The Three E’s of Quantitative Research: Estimand, Estimator, Estimate
- Mayta
- Jun 19
- 1 min read
The Three E’s of Quantitative Research
Term | One-line definition | Where it “lives” | Simple example (blood-pressure drug) |
Estimand | The scientific question expressed as a precise quantity you want to know. | Before data are collected. | “The average reduction in systolic BP (mm Hg) if every adult took Drug X instead of placebo for 12 weeks.” |
Estimator | The recipe or formula you will apply to data to target the estimand. | In your analysis plan / code. | “Difference in sample means between the Drug X group and placebo group (unadjusted).” |
Estimate | The numerical answer you get after running the estimator on the actual dataset. | In your results table. | “–7.4 mm Hg (95 % CI –9.1 to –5.7).” |
How they fit together
Start with the estimand.
Clarifies what effect, in whom, and under which conditions you care about.

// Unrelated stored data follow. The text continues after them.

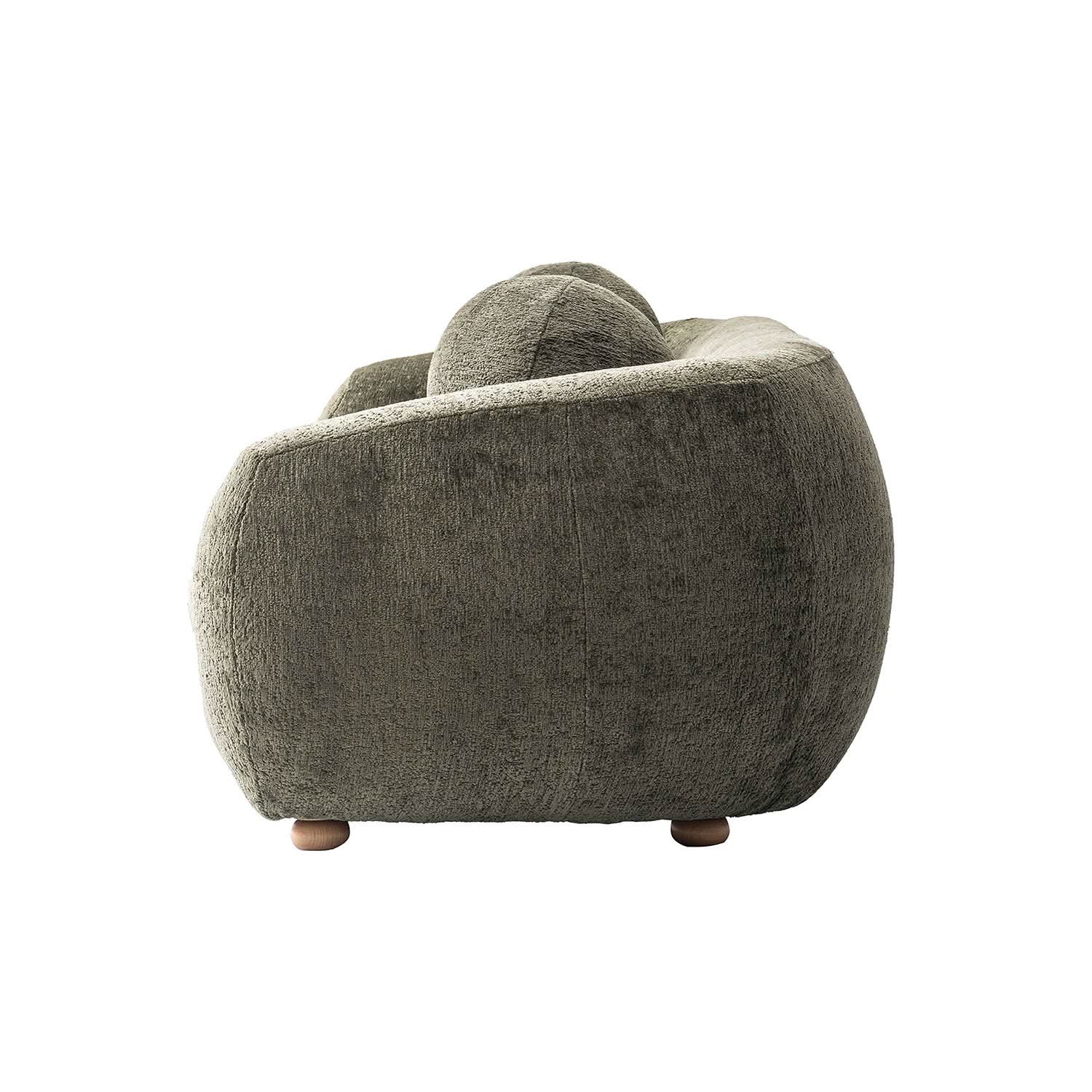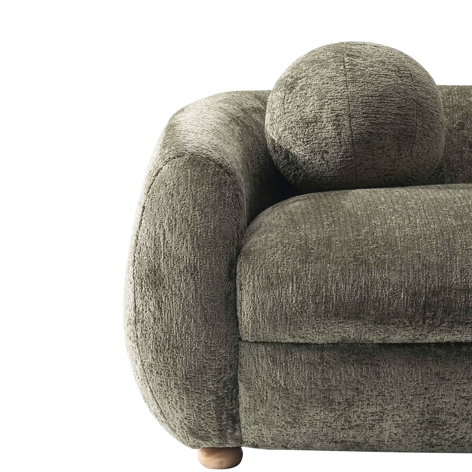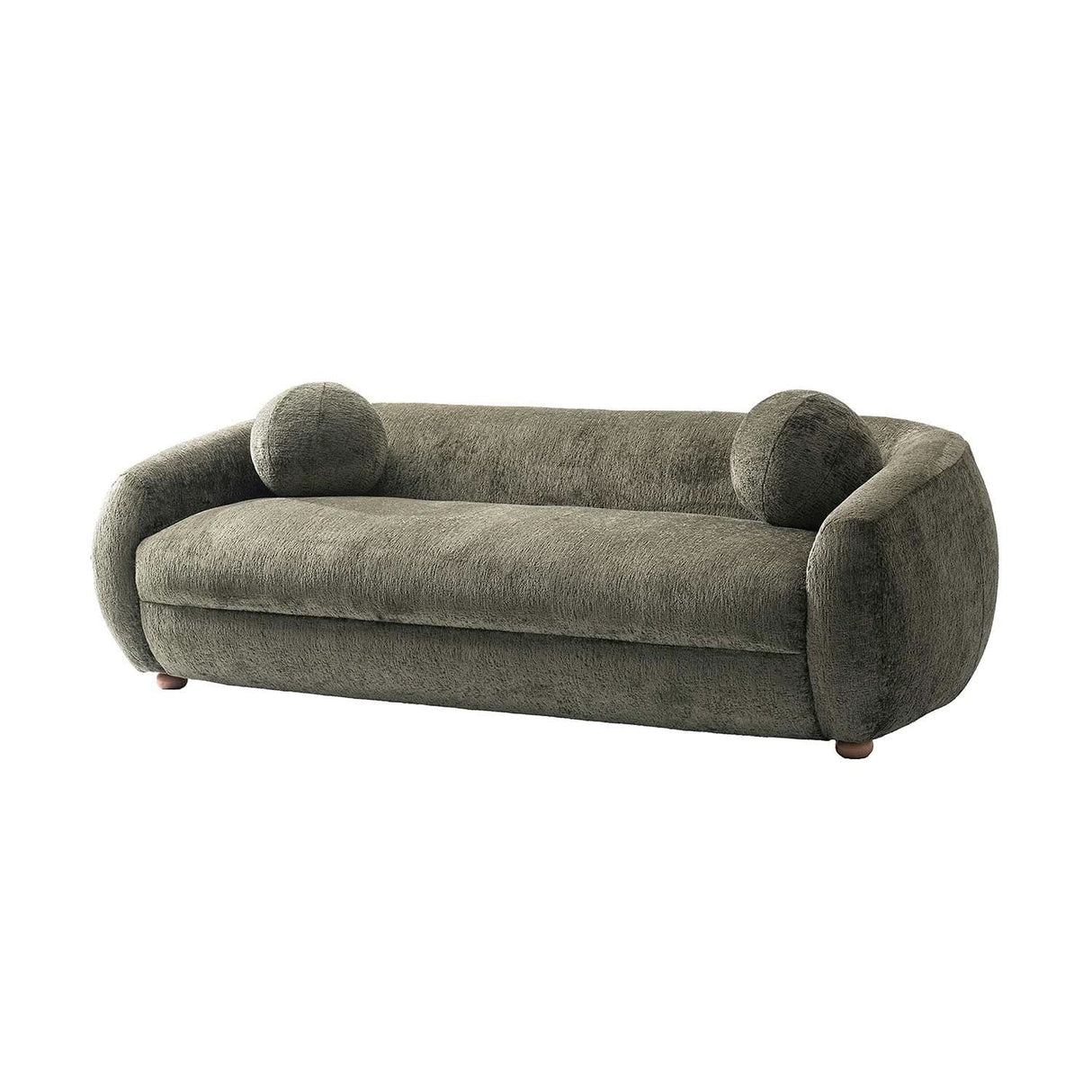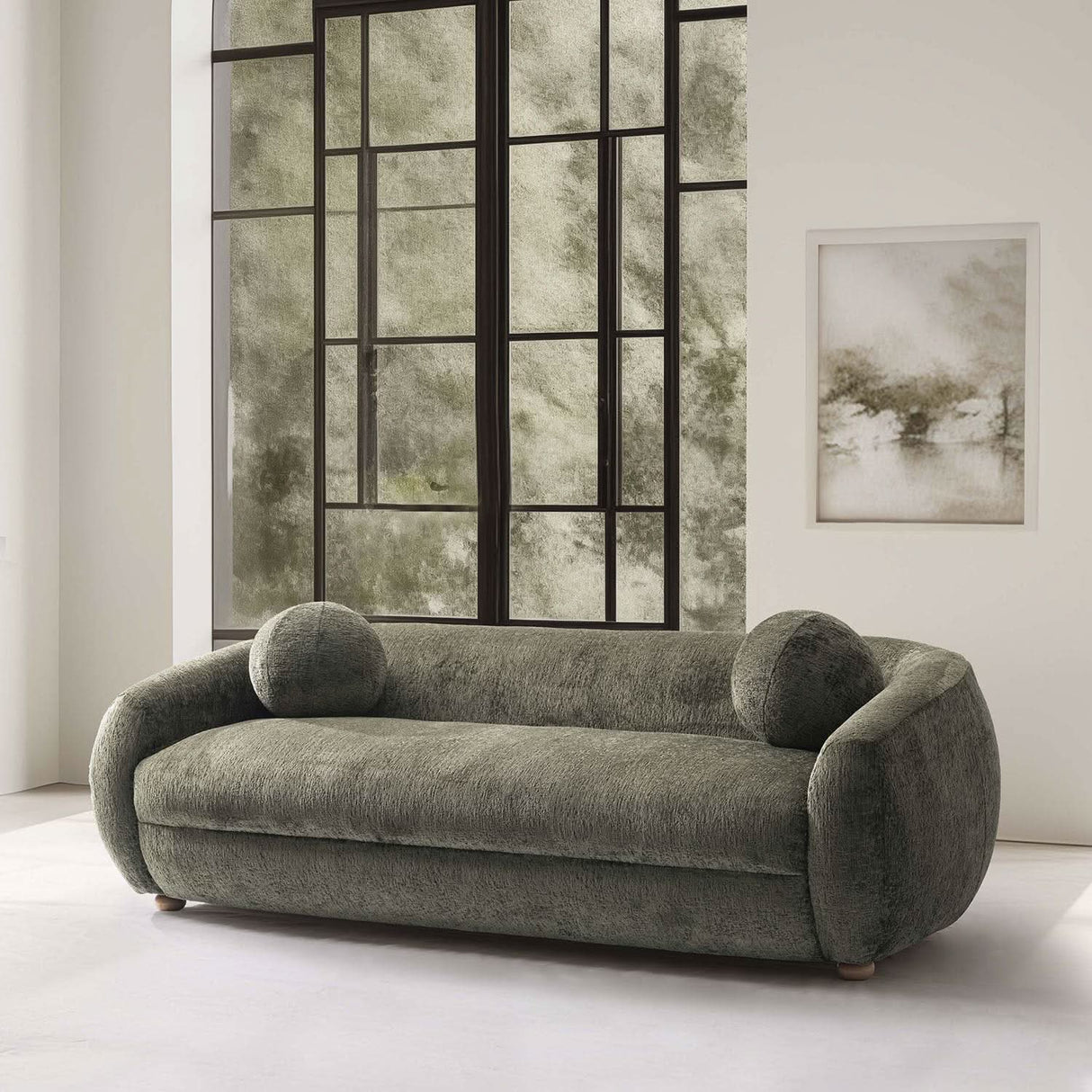 Este sofá, tapizado de lujo en chenilla y con relleno de espuma de alta densidad, ofrece una experiencia de asiento lujosa. Incluye dos almohadones para mayor encanto y comodidad.
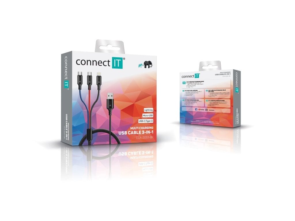 Connect IT Wirez 3v1 USB-C & microUSB & Lightning, 1,2 m
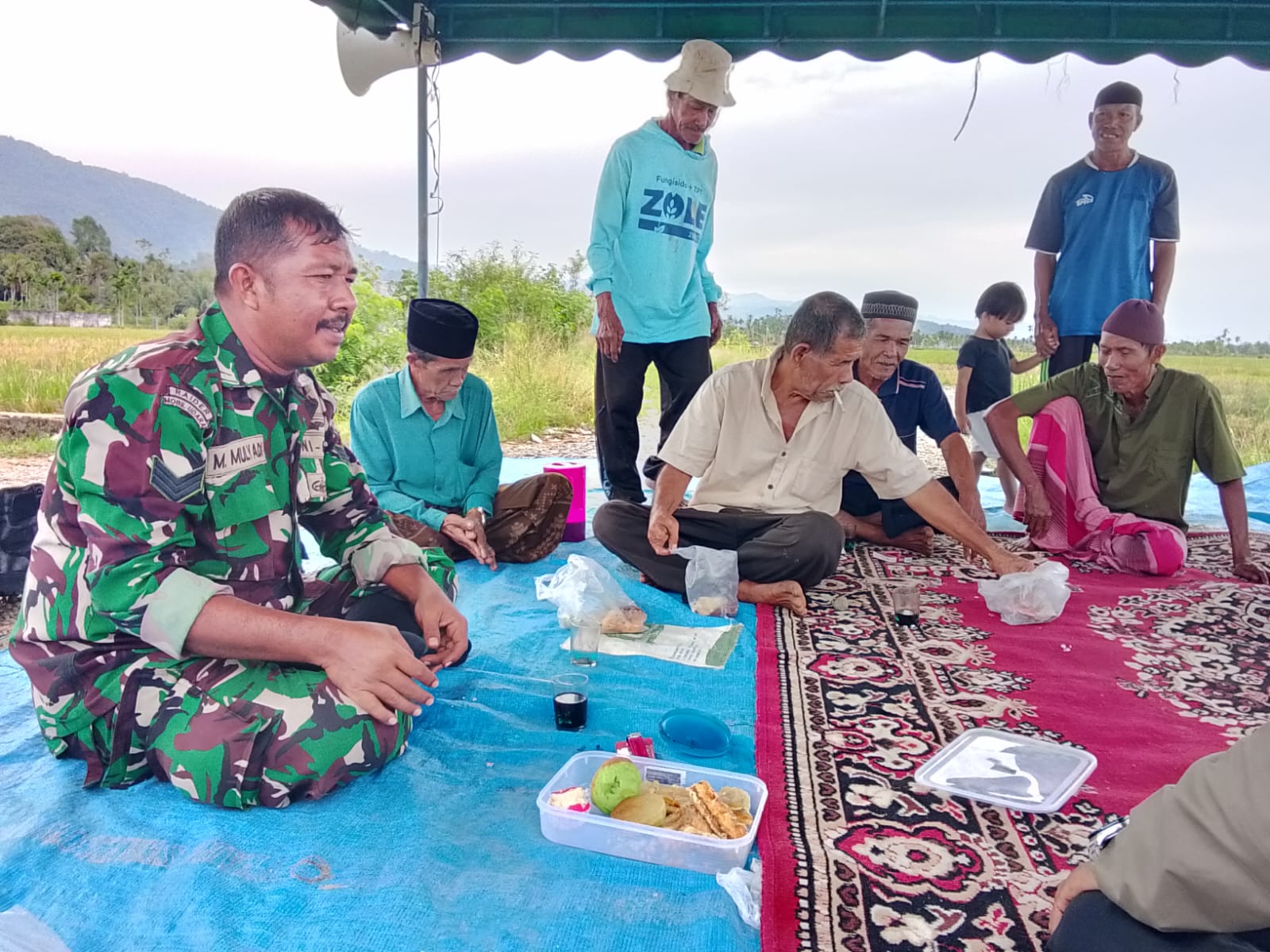 Abdya – Babinsa Koramil 03/ Jeumpa Serka Mus Mulyadi, melaksanakan kegiatan komunikasi sosial dengan para kejrun Blang di acara turun…
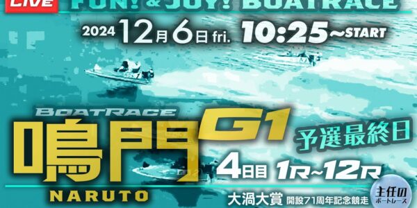【LIVE】12月06日fri. ボートレース鳴門 4日目 1R~12R 予選最終日【G1・大渦大賞開設71周年記念競走】
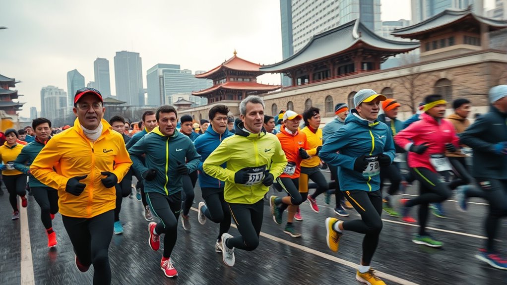 To excel at the Seoul Marathon, stay focused on pacing yourself, as the cold weather and fast course demand careful effort and mental clarity. Dress in layered clothing to manage the chill without overheating, and stick to your nutrition plan to maintain energy. Use the city’s vibrant atmosphere for motivation, but keep your mind centered on your race strategy. Want to discover how to combine preparation and mental focus to reach your goals? Continue on to find out more.
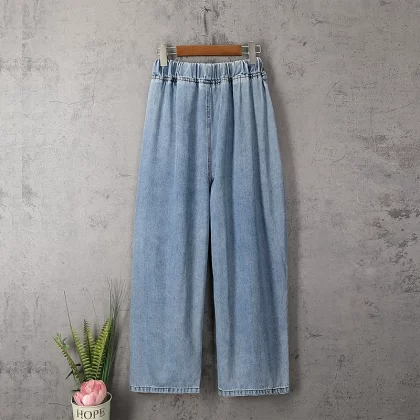 Japanese thin jeans for women 2024 summer new sweet lace-up elastic waist pure cotton nine-point pants carrot pants

Choose an estimator that is valid if the required causal/statistical assumptions hold.
Could be as simple as a risk difference, or as complex as a targeted-maximum-likelihood algorithm.
Compute the estimate once you have data.
This single number (plus its uncertainty) is what you report.
Key points to remember
Estimand ≠ Estimator: The former is a target; the latter is a tool.
Different estimators (e.g., regression with covariate adjustment, IPW, G-computation) can aim at the same estimand.
The estimate is data-dependent and will change with a new sample; the estimand and estimator do not.